This is a blog (mostly) about the U.S. health care system and its organization, how it works, how it fails us, and what to do about it. All blog authors have professional expertise in an area relevant to the health care system. Main contributors Austin Frakt and Aaron Carroll are researchers and professors in health economics and health services. By avocation and as bloggers we’re actively trying to understand our health care system and make it better. Our goal is to help you understand it too, and to empower you with research-validated information so you can be a more informed observer of or participant in the ongoing debate over how to reform our system.
Sometimes we stray from health care, just to keep things lively.
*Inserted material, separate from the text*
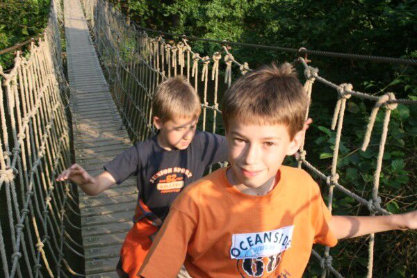 Na een heerlijke spaghetti (jawel, meester Stijn, we aten ons bordje flink leeg) vertrokken we over de Indianajones brug voor een spannend tochtje onder de grond.

Posts on politics, family life, food, information technology, and personal finance are among the occasional non-health topics. Whether on health care or not, the unifying theme is thoughtful consideration of important ideas. Blog authors write on topics of interest that they know well. Few if any posts at The Incidental Economist are idle speculation or shallow observations.
The blog’s title, “The Incidental Economist,” was Austin Frakt’s pseudonym when he blogged anonymously on The Finance Buff (March-June 2009). Austin is a professional economist, but this is not an essential fact, and he prefers to be judged not for his title but for his work (read more about Austin and his work on his About page). An economist yes, but only incidentally so. The name remains though the blog now has multiple authors.
In August 2010, The Incidental Economist merged with Rational Arguments, Aaron Carroll’s former blog (where his archives remain). If Austin is an incidental economist, Aaron is more so. He’s actually a physician. You can read more about Aaron on his About page.
Other, less frequent contributors to The Incidental Economist are described on the Other Contributors page.